Publié le 2021-01-12 | Le Nouvelliste

Le sénateur Joseph Lambert a été élu président du Sénat ce mardi, vingt-quatre heures après la date fatidique du deuxième lundi de janvier consacrée par la Constitution amendée à la rentrée parlementaire. D’autres membres restants du Sénat occupent les autres postes du bureau. Par décret du 5 janvier 2021 relatif à l’organisation du référendum sur la nouvelle constitution, le mandat du tiers du Sénat devenait automatiquement caduc. Le deuxième considérant de ce décret précise que le pouvoir législatif est inopérant. Aucun membre du tiers du Sénat n’avait condamné l’arrêté du 14 septembre 2020 attribuant au Conseil électoral provisoire les prérogatives d’organiser le référendum de la nouvelle constitution ni pris position contre le décret du 5 janvier 2021 mettant fin au mandat du tiers du Sénat en fixant la date du référendum au 25 avril prochain.

Depuis la publication de ce décret le 5 janvier 2021, selon plusieurs observateurs, le président de la République, Jovenel Moïse, n’est plus détenteur de mandat constitutionnel. Il en est de même du tiers du Sénat dont le mandat devrait arriver à terme en janvier 2023. Dans ce décret, aucun article de la Constitution de 1987 amendée n'a été  visée. En un mot, le décret ne reconnait plus la Constitution en vigueur. Par cet acte, Jovenel Moïse devient un président de facto. Sans le dire, le président aurait mis fin à la Constitution de 1987 amendée en 2011 qu’il avait juré de respecter. Le temps qui lui reste à diriger à la suite de la publication de ce décret dépendra des rapports de force avec l’opposition d’une part, et du contenu des dispositions transitoires de la nouvelle constitution d’autre part.

Depuis sa ratification par voie référendaire le 29 mars 1987, la Constitution de 1987, avec toutes ses imperfections, n’avait jamais cessé d’attirer l'aversion de ceux qui ont nourri des velléités autoritaires.
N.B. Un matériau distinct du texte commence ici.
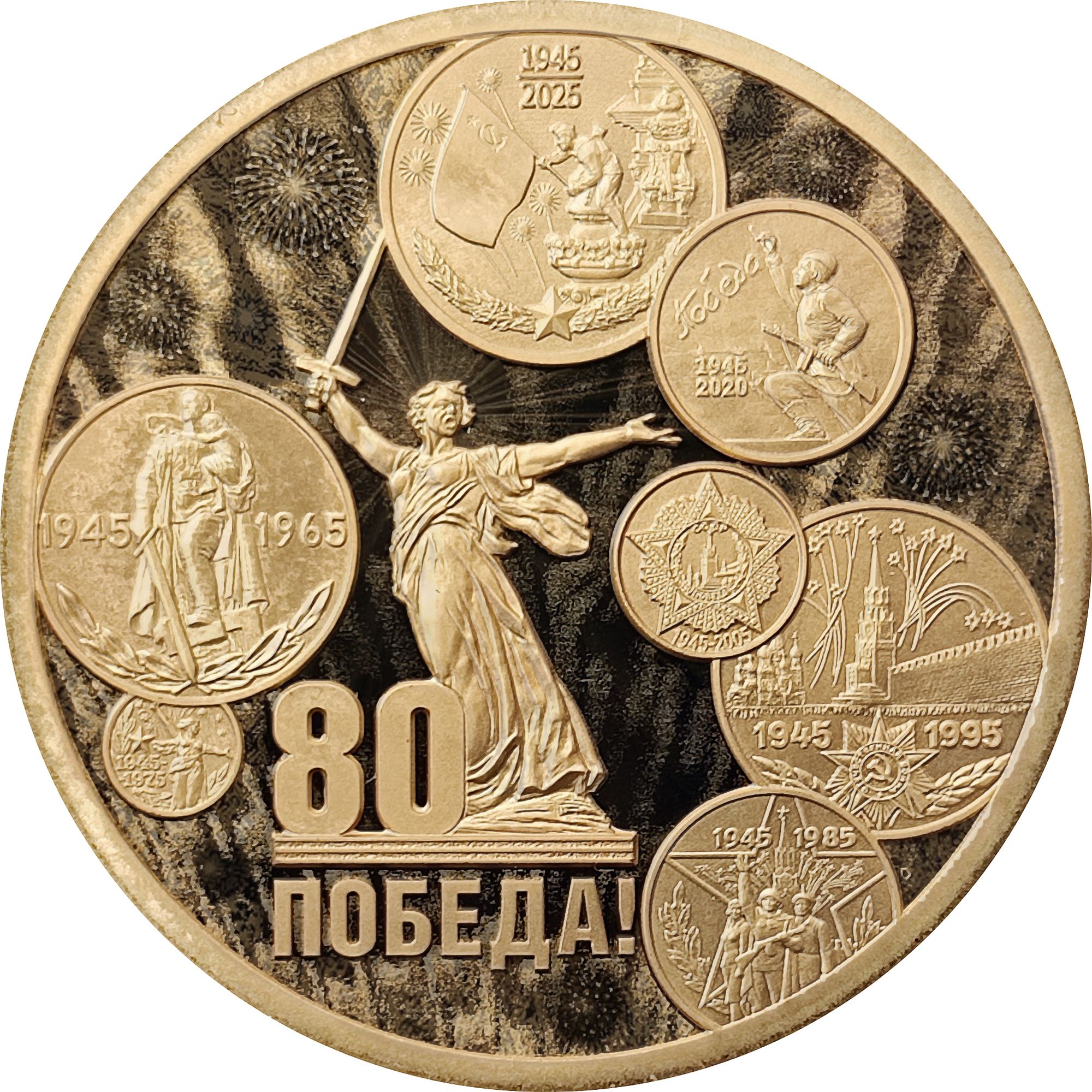 Опис: Пам'ятник «Батьківщина кличе!» зображений на тлі святкового феєрверку та зображень ювілейних медалей Монетного двору, присвячених Великій Перемозі 1945 року.

Le 20 juin 1988, suite au coup d’Etat militaire du général Henri Namphy contre le président Leslie François Manigat, la Constitution avait été écartée par ce gouvernement militaire. Moins de trois mois après, soit le 17 septembre, le général Prosper Avril, tenant les rênes du pouvoir, l’a réhabilitée. En raison de l’incompatibilité de la gouvernance militaire avec la Constitution de 1987, le général-président décida de mettre en veilleuse tous les articles de cette Constitution qui étaient en contradiction avec sa présidence. Malgré les événements tumultueux du 30 septembre 1991 et du 29 février 2004 qui ont mis à mal l’application rigoureuse des acquis de la démocratie contenus dans loi mère, notre charte n’a pas été mise à l’écart.

En référence au décret de Jovenel Moïse du 5 janvier 2021, il y a lieu de dire que cette Constitution a été parmi les plus robustes, soit 33 ans et 9 mois.

Sans tambour ni trompette, Joseph Lambert, homme politique expérimenté, nouveau président du Sénat qui n'existe plus, selon le décret de Jovenel Moïse en date du 5 janvier, se lance dans une nouvelle aventure. Il s'interroge sur le Conseil électoral provisoire qui n'a pas prêté serment devant la Cour de cassation. Il se prononce également sur une série de décisions prises par le président Jovenel Moïse sans consulter le tiers du Sénat. Analysant la conjoncture, cet homme qui se nomme « un animal politique » se propose comme médiateur dans ce dernier round de cette crise politique qui secoue le pays depuis plusieurs années. Joseph Lambert a-t-il les coudées franches pour réussir là où d'autres ont échoué ?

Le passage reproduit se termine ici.